Directions:
Begin your transcription at the line containing "The group got" and continue it, word for word, to the final line below. Include only those lines and skip the pictures.

Stored data
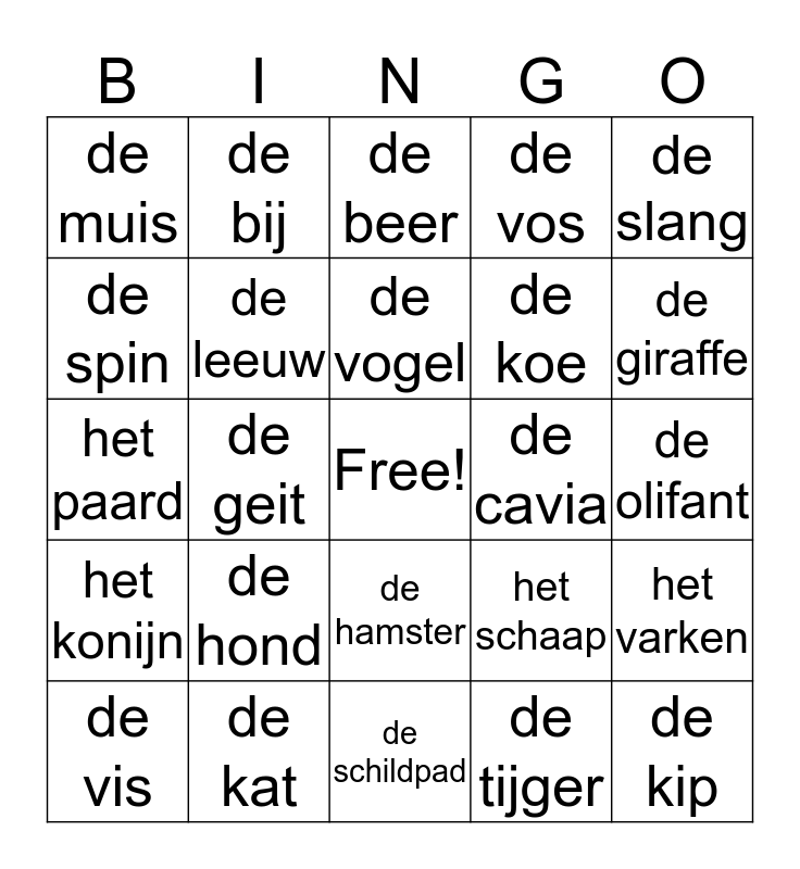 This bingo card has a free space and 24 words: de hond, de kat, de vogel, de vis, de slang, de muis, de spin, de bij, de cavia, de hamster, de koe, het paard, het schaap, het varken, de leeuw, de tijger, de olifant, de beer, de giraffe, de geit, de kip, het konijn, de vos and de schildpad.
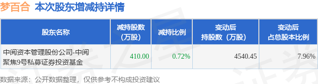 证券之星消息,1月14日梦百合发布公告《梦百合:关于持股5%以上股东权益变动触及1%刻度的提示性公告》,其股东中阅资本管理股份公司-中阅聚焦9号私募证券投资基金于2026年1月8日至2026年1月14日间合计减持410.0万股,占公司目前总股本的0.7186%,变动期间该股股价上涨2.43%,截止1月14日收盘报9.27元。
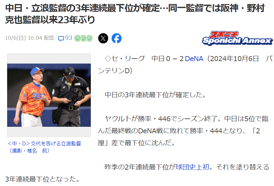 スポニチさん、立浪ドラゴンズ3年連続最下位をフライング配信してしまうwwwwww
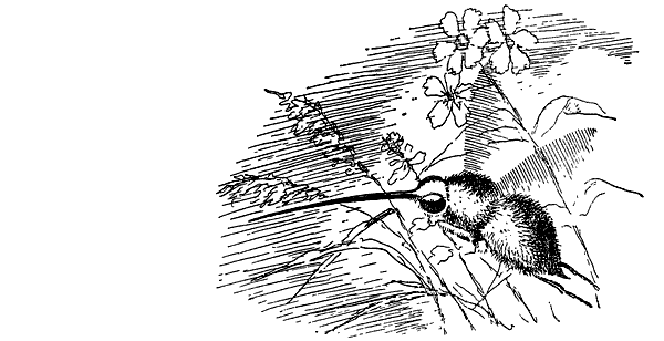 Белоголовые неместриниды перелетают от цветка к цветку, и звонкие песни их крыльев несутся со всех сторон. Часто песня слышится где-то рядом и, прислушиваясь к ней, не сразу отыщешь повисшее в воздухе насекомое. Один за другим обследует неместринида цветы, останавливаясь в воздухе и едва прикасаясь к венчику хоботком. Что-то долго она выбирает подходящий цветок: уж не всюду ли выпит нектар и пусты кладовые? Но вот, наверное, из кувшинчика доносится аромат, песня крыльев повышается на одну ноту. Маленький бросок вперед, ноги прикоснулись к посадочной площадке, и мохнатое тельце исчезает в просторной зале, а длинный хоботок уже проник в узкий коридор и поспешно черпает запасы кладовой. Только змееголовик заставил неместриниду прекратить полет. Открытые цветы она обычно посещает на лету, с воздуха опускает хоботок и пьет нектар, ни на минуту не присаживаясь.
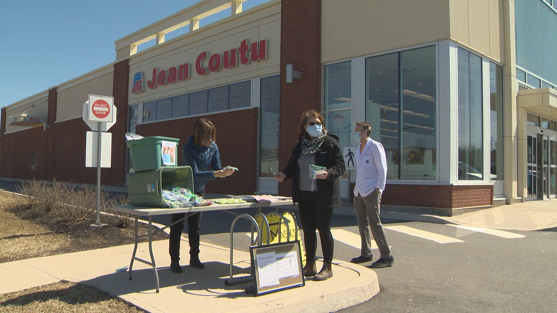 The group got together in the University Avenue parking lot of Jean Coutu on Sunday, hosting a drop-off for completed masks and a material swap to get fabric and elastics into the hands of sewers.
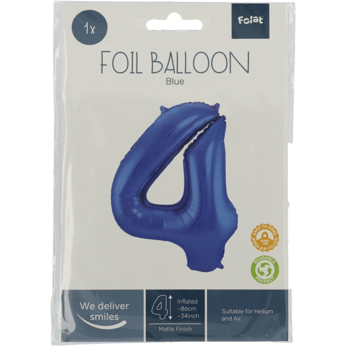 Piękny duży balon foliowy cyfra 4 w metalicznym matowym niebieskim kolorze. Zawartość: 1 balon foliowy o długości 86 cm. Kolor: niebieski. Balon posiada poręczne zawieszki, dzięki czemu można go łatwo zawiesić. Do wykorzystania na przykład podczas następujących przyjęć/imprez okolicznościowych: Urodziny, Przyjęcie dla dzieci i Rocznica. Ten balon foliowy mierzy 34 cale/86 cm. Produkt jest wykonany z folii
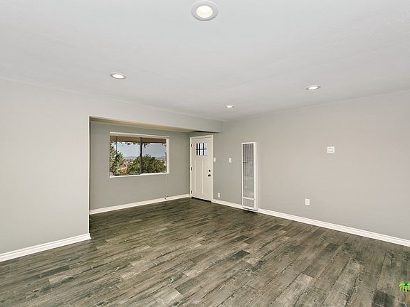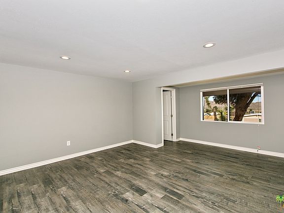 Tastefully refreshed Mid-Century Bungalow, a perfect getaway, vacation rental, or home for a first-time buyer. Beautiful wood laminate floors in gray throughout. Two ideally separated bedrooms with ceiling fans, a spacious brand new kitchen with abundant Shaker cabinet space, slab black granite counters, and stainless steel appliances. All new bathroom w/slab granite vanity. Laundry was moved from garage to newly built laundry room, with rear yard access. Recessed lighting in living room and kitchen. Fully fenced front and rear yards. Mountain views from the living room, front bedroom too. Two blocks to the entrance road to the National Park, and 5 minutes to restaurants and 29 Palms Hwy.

Answer for the task:
 The group got together in the University Avenue parking lot of Jean Coutu on Sunday, hosting a drop-off for completed masks and a material swap to get fabric and elastics into the hands of sewers.
 Piękny duży balon foliowy cyfra 4 w metalicznym matowym niebieskim kolorze. Zawartość: 1 balon foliowy o długości 86 cm. Kolor: niebieski. Balon posiada poręczne zawieszki, dzięki czemu można go łatwo zawiesić. Do wykorzystania na przykład podczas następujących przyjęć/imprez okolicznościowych: Urodziny, Przyjęcie dla dzieci i Rocznica. Ten balon foliowy mierzy 34 cale/86 cm. Produkt jest wykonany z folii
 Tastefully refreshed Mid-Century Bungalow, a perfect getaway, vacation rental, or home for a first-time buyer. Beautiful wood laminate floors in gray throughout. Two ideally separated bedrooms with ceiling fans, a spacious brand new kitchen with abundant Shaker cabinet space, slab black granite counters, and stainless steel appliances. All new bathroom w/slab granite vanity. Laundry was moved from garage to newly built laundry room, with rear yard access. Recessed lighting in living room and kitchen. Fully fenced front and rear yards. Mountain views from the living room, front bedroom too. Two blocks to the entrance road to the National Park, and 5 minutes to restaurants and 29 Palms Hwy.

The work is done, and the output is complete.